Мы снова переглянулись и чуть менее уверенно выдохнули: – Фу-у?

– Эту гадость больше не пьем! – после минутного молчания торжественно поклялся Калеб. – Ты, Файка, слишком ценная подруга, чтобы так бездарно тебя прое…

Я стукнула его подушкой, прерывая на полуслове – сколько раз просила не ругаться при мне! Хотя слово друг подобрал правильное – именно так бы это и называлось. Вряд ли, переспав, мы смогли бы общаться, как раньше.

– Надо выяснить, что за дрянь была в бутылке, и больше никогда к ней не прикасаться.

– Пси… псицибилин? – попытался вспомнить заковыристое название Калеб. Я помотала головой.

– Псилоцибин! Буду у лабораторий – спрошу алхимиков, в чем еще можно найти эту гадость.

– Ага, – друг зевнул и снова покосился на хронометр. – Фай, ложись спать, а? Первую пару мы все равно проспали, а на вторую вставать еще рано. Ничего смертельного не произошло, так что используем оставшееся время с пользой.

– Что, с тобой?!

Калеб за все годы, что мы общаемся, не раз оставался ночевать у меня дома, но там-то я давно выделила ему отдельную спальню! Здесь же была только вторая кровать, заваленная тетрадками, учебниками и каким-то непонятным хламом. Сосед Калеба уже год как перебрался в город к своей подруге, но от места в общежитии на всякий случай не отказывался – случись что, заселиться повторно будет практически невозможно.
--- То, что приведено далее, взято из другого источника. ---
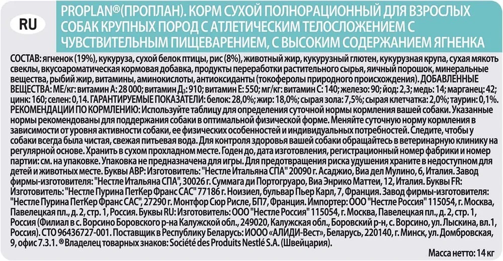 Pro Plan Adult Large Athletic Sensitive Digestion (Про План Эдалт Лапдж Атлетик Сенситив Дигестион) сухой ГИПОАЛЛЕРГЕННЫЙ корм для собак крупных пород от 25 кг с атлетическим телосложением и с чувствительным пищеварением (Ягненок)

– Фай, – оборотень с укором на меня взглянул, разве что пальцем у виска не покрутил, и снова зевнул. – Часом больше, часом меньше, какая разница? Представь, что ты еще не просыпалась.
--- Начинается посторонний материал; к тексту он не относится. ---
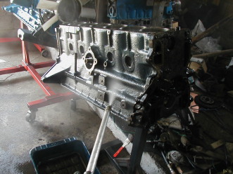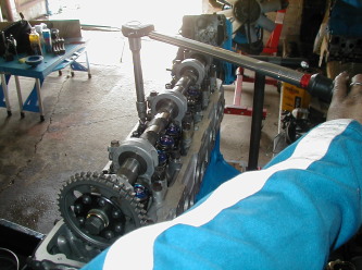 第280話 とりあえず完成!! 2005.5 さて!ちまちまと続けて来た L3.1組み立てですが とうとう最後の大詰め作業 バルタイの測定&決定に 漕ぎ着けました! まずは268話で作ったカムプロフィール図を元に このカムの中心角に設定します まずはロッカーアームを付けずカムスプロケを外します (スプロケは調整式なので 微調整ボルトを外しただけです) あのカムプロフィール図だと1番排気側カム山作動開始から159度 (クランク角度318度)で1番の上死点=カム中心 となりますので クランクをTDCから318度逆戻し・・・・いや・・・・ チェーンの逆転でバックラッシュがありますので 余分に逆転させて TDC −318度に正転させます そして今度は 1番排気側にロッカーアームを付け タペットクリアランスを0に取り その状態で1番排気のリテーナーにダイヤルゲージを当てて 1番排気のカム作動開始を探ります 探り当てたらその状態でカムスプロケを固定し 0だったタペットクリアランスを0.25に撮り直し・・・その後 もしものバルブ接触に細心の注意を払いながらクランクを回し 残りのロッカーアームを全部付けます 当然タペットクリアランスも取りながら・・・・ 12カ所ロッカーアームが付いたら 今一度 細心の注意を払ってクランク2回転・・・・ どうやら バルブの接触は無いようです! 確認の意味を含め クランクをTDCに合わせ 6番がちゃんとオーバーラップ状態か調べます 6番給排気リテーナーにノギスの端を当てて カム山と平行になるか確認・・・・どうやらOKのようです! それでは クランクをもう1回転させて1番に同じ事を・・・・ こちらもOK! これでカム中心角による バルタイが決まりました! が・・・・・・なにぶん正体不明加工カムなので 後は動かして調子を見ながら 5度前後振ったり戻したりしようかと・・・ それではバルタイも決まった事だし次の作業に移ります! オイルパンやらヘッドカバーやらフィルターやらなんやら付けて〜・・・ ・・・・・・・・・・・・・・・・ ・・・・・・・・・・・ ・・・・・ これで搭載出来る状態になりました! が・・・その前に激安エンジンオイルを入れて〜・・・・ 初期3分割ミッション釜とセルモーターを付けて ホイッ!クランキングマッスィ〜ンの完成! プラグを外して オイルキャップは付けず セルにジャンプケーブルでバッテリーから直で電気を・・・ オイル注入口からカムにオイルが上がって来るのを確認しながら 気の済むまでクランキングします! ・・・・・・・・・・・・・・・ ・・・・・・・・・・ ・・・・・・ セルが熱くなるので休み休みやること30分・・・・・ もうオイルも各部に回り オイルパンにリターンしてるはずなので オイルを抜いて そのオイルをポイッ! これで正真正銘!エンジン完成で〜す! マニガスケット手配の関係上搭載は来週以降にに持ち越し予定・・・ なにはともあれGW中に完成出来ました 搭載した姿を夢見る日が まだまだ続きそうですが・・・・・ |

В доводах Калеба определенно была логика, но мне почему-то чувствовался подвох. Однако высказать сомнения я не успела – друг, последовав собственному совету, зря тратить время не стал и отключился как по команде, а через несколько минут, когда и я осторожно устроилась рядом, повернулся и бессовестно прижал меня к себе, словно какую-то мягкую игрушку. Я мысленно выругалась, призывая на голову позабывшего о приличиях оборотня все известные мне кары. Ну и как мне спать в таких условиях?!

*

Не знаю, чего ожидал Калеб, заводя будильник, но точно не того, что девушке с утра нужно больше двадцати минут на сборы. Ванная в общежитии была одна на двоих, но я успела проскользнуть в нее первая и игнорировала сначала вежливое, а потом и не очень, постукивание в дверь, пока не привела себя в относительный порядок. Позже уже Калеб занял стратегически важное место, а я заклинанием привела в порядок одежду – ну и что, что для ткани вредно, отчаянные времена требуют отчаянных мер, вытащила из-под кровати сапоги – просто чудо, что они не потерялись где-то в общежитии, расчесала и собрала в высокий узел светлые волосы. Критически осмотрела себя в зеркало, по которому тоже пришлось пройтись очищающим заклинанием. Из зазеркалья на меня взглянула тонкокостная блондинка среднего роста с гордой осанкой, твердым взглядом серых глаз и упрямо вздернутым носом. Первое, чему я научилась, оказавшись на свободе – демонстрировать уверенность независимо от того, чувствовала я ее на самом деле или нет. Как показал опыт общения с другими студентами, лучше прослыть немного высокомерной и замкнутой, чем напуганной и забитой. Поправила сбившуюся кружевную оборку на лифе темно-синего платья, встряхнула, расправляя, широкую юбку…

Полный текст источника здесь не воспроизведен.